There are a few issues here. Running threaded code interacts badly with branch p...

kaba0 · on May 13, 2022

Just an anecdotal experience, but I’m currently writing a JVM in Rust with a naive, interpreter loop. OpenJDK’s interpreter is a so-called template interpreter which looks at the method’s byte code and generates a given machine code snippet for each instruction, puts them serially next to each other and executes this buffer. The advantage of the latter is that in the interpreter loop model, one jumps back to the switch statement which will jump to the next instruction’s implementation, etc, while OpenJDK’s solution just continues execution serially, taking advantage of the branch predictor.

In my benchmarks that are definitely not suitable to infer much, OpenJDK without JIT can perform 1.5-8x better, though of course the whole implementation is different so don’t read too much into that.

cmrdporcupine · on May 13, 2022

It's amazing to me in general how much of a divergence in expectations of performance vs reality that branch prediction misses causes in modern software.

So many techniques that would improve performance on a 1980s processor can be woefully inefficient on a 21st century one. It's so easy to be still holding the computing model of the former in your head.

kaba0 · on May 13, 2022

What is absolutely crazy is that many “primitive computation” is basically free. Like, there is more than likely some memory stalls either way and they just happen in the pauses not causing longer execution time.
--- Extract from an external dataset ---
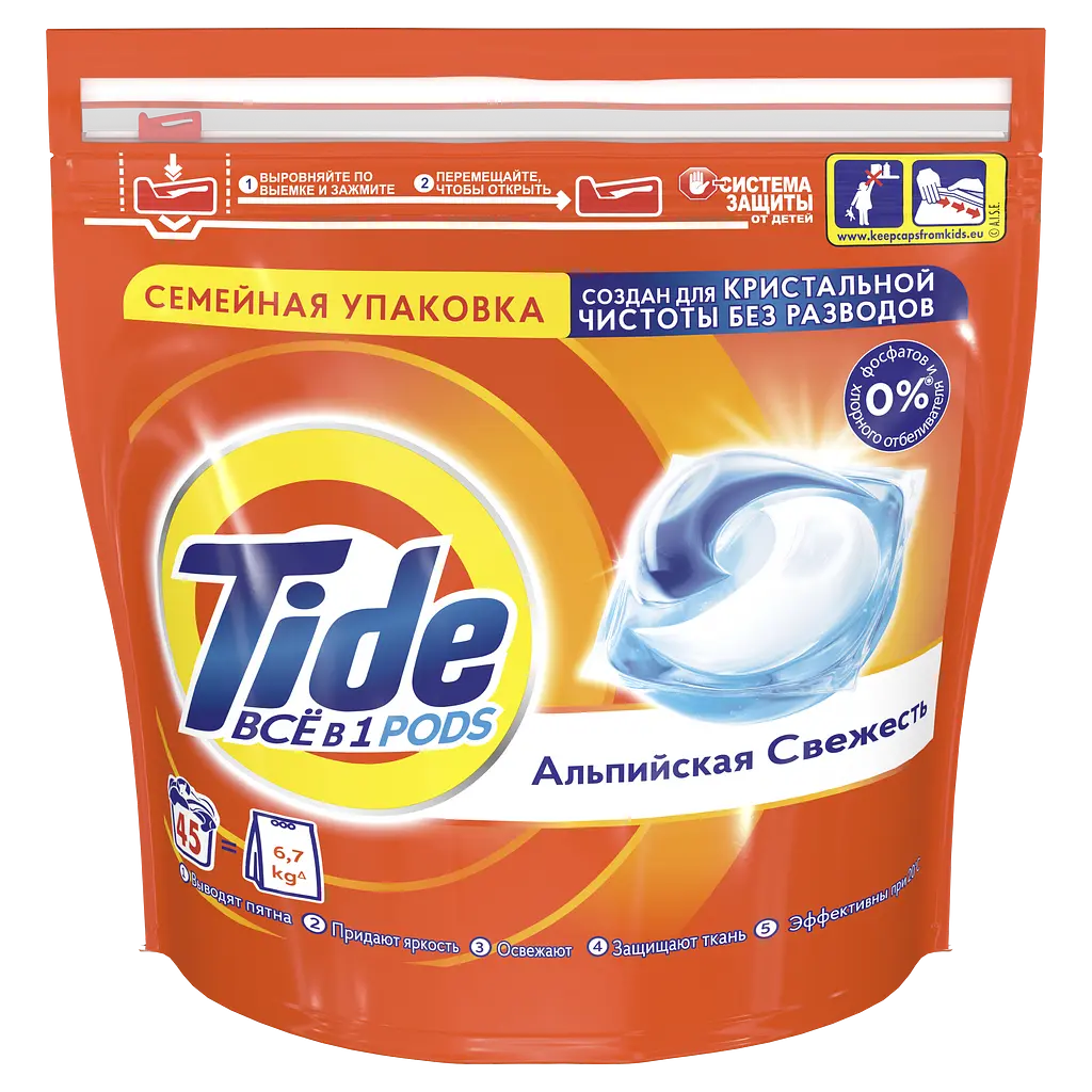 Капсулы для стирки Tide (Тайд) Все-в-1 Альпийская свежесть придают вещам невероятную чистоту, благодаря всего лишь одной маленькой капсуле.
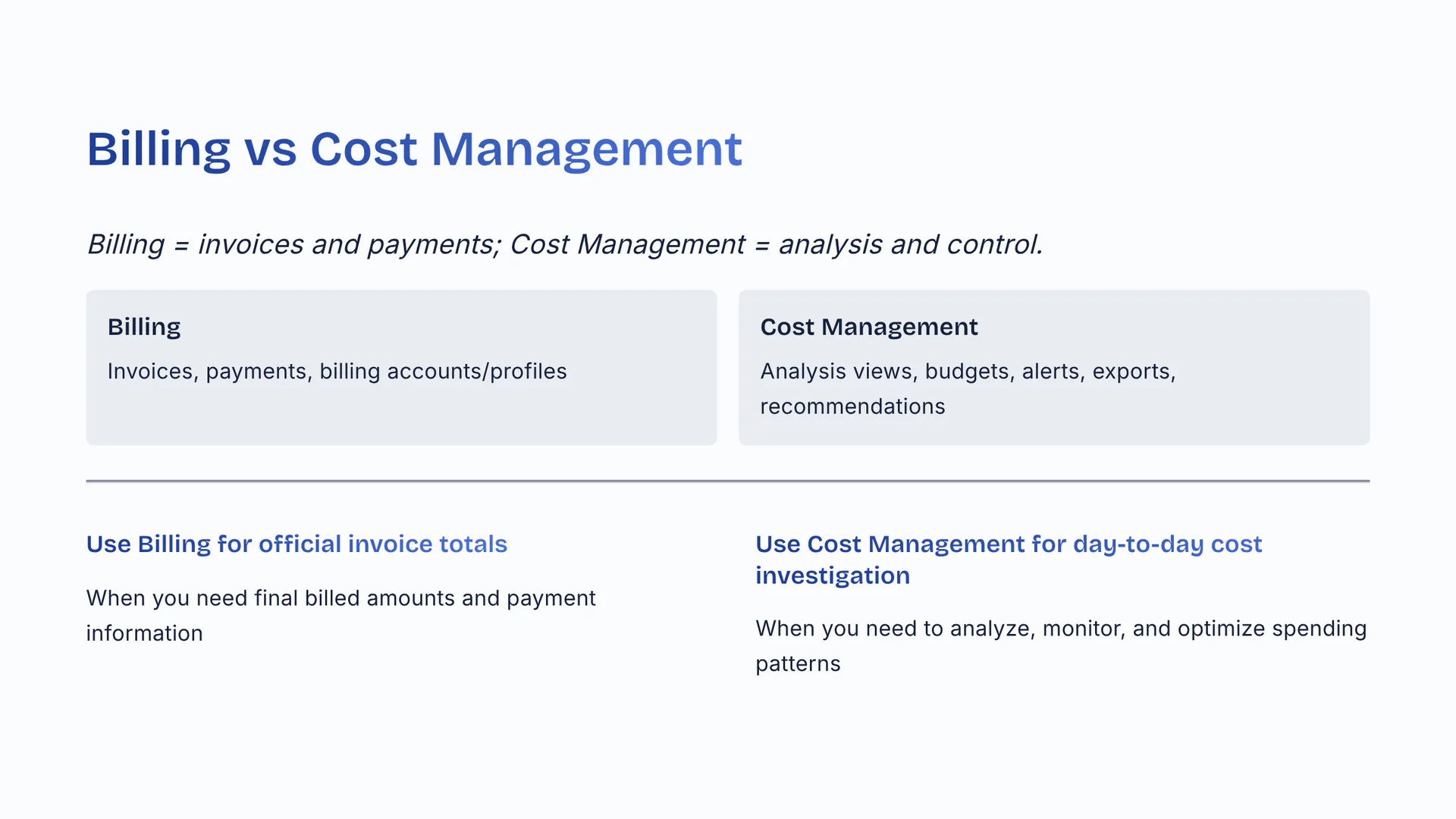 Billing equals invoices and payments; Cost Management equals analysis and control. Billing: invoices, payments, billing accounts/profiles. Cost Management: analysis views, budgets, alerts, exports, recommendations. Use Billing for official invoice totals. Use Cost Management for day-to-day cost investigation.

cmrdporcupine · on May 14, 2022

I learned it the hard way when I was writing an emulator for a retro machine. Say you're blitting sprites to the screen. As you're drawing a line, each pixel either has some portion of a sprite, or doesn't. Your instinct is to do just like the hardware and 'chase the beam' and check at each pixel, or even just for each line, whether a sprite is present.

Super wrong. You're far better off precomputing the whole sprite bitmap -- even if you don't end up using it and doing a bulk operation to display it or not display it. Because doing that "if sprite is here?" in a loop is super super expensive, more expensive than just blitting the splits and not using them.

Most efficient ended up being precomputing things into boolean bitset vectors and using SIMD operations to do things based on those.

Even if not doing GPU stuff, the fastest way to compute these days is to think of everything in bulk bulk bulk. The hardware we have now is super efficient at vector and matrix operations, so try to take advantage of it.

(After doing this I have a hunch that a lot of the classic machine emulators <VICE, etc.> that are out there could be made way faster if they were rewritten in this way. )